Real-Time Immersive Design Collaboration: Conceptualising, Prototyping and Experiencing Design Ideas.
Ralph JOHNS & James SHAW
School of Design,
Victoria University of Wellington,
New Zealand
ralph.johns@vuw.ac.nz
james.shaw@vuw.ac.nz
MOVIES:
Bonnie Robin
Richard Herries
Simon Stantiall
ABSTRACT:
This paper discusses a collaborative trans-disciplinary virtual design studio project in which students designed in teams immersed within a real-time gaming environment. Students of Landscape Architecture, Interior Architecture, and Industrial Design participated in the project at the School of Design, Victoria University of Wellington, New Zealand which investigated the effects of real-time immersion on the initial stages of a collaborative design process. In particular, the project explored how real-time immersion affects concept generation, design team collaboration, and peer critique.
Teams of four individuals generated design concepts working solely within an immersive first-person environment – a modification (Garry’s Mod 8.3a) of the Half-Life 2 gaming engine. The ability to control and interact with a wide range of in-game objects in Garry’s Mod allowed design students to visually create, prototype and experience spatial and formal scenarios in real-time. Multi-player technology enabled the design team to be virtually present at the site of construction and to design while actively building.
Students were able to make on-the-fly design decisions in response to work by other team members; when objects were picked up, dropped, rolled, floated and connected together they could immediately see and experience the result of their design actions and respond accordingly. Team members could interact on-line with each other to cooperatively construct a design in which each team member’s decisions became integrated with their peers work in real-time. Design issues such as response to site, composition and conceptual design were interrogated and critiqued within the virtual studio environment resulting in high levels of collaborative design debate, negotiation and interaction.

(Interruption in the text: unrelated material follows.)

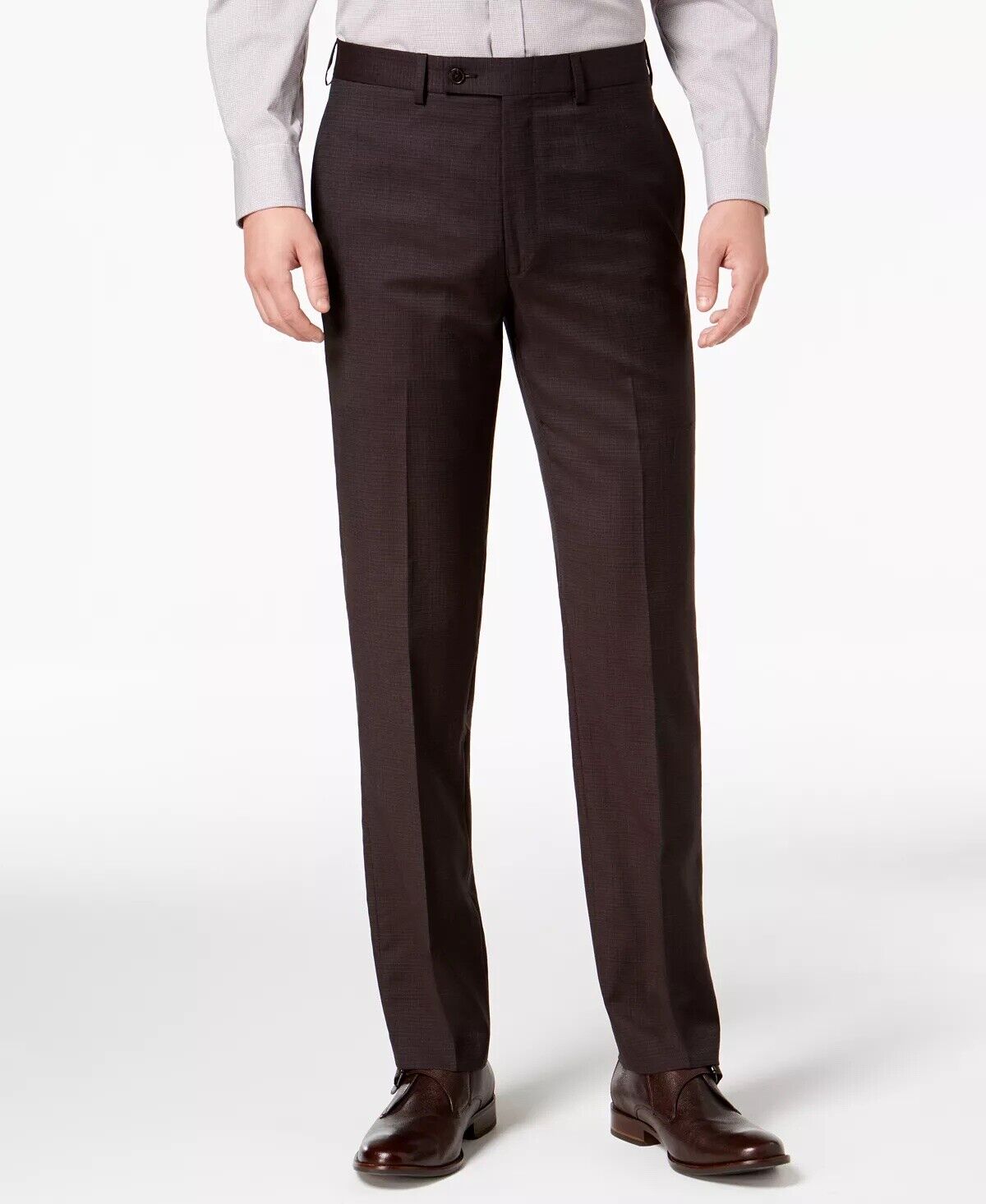 CALVIN KLEIN Men's Slim-Fit Dress Pants Brown 32 x 32 Washable

It was found that the virtual environment enabled rapid prototyping and testing of design iterations which extended the creative conceptual design possibilities put forward by team members. In addition, through first-person immersion and interaction with design ideas from the beginning of the process students were able to design the experience not just the form.
KEYWORDS: collaborative design; virtual teams; real-time gaming engine;
LINK to full pdf (www.jamesshaw.co.nz/downloads/jodr_ralph_johns_james_shaw.pdf)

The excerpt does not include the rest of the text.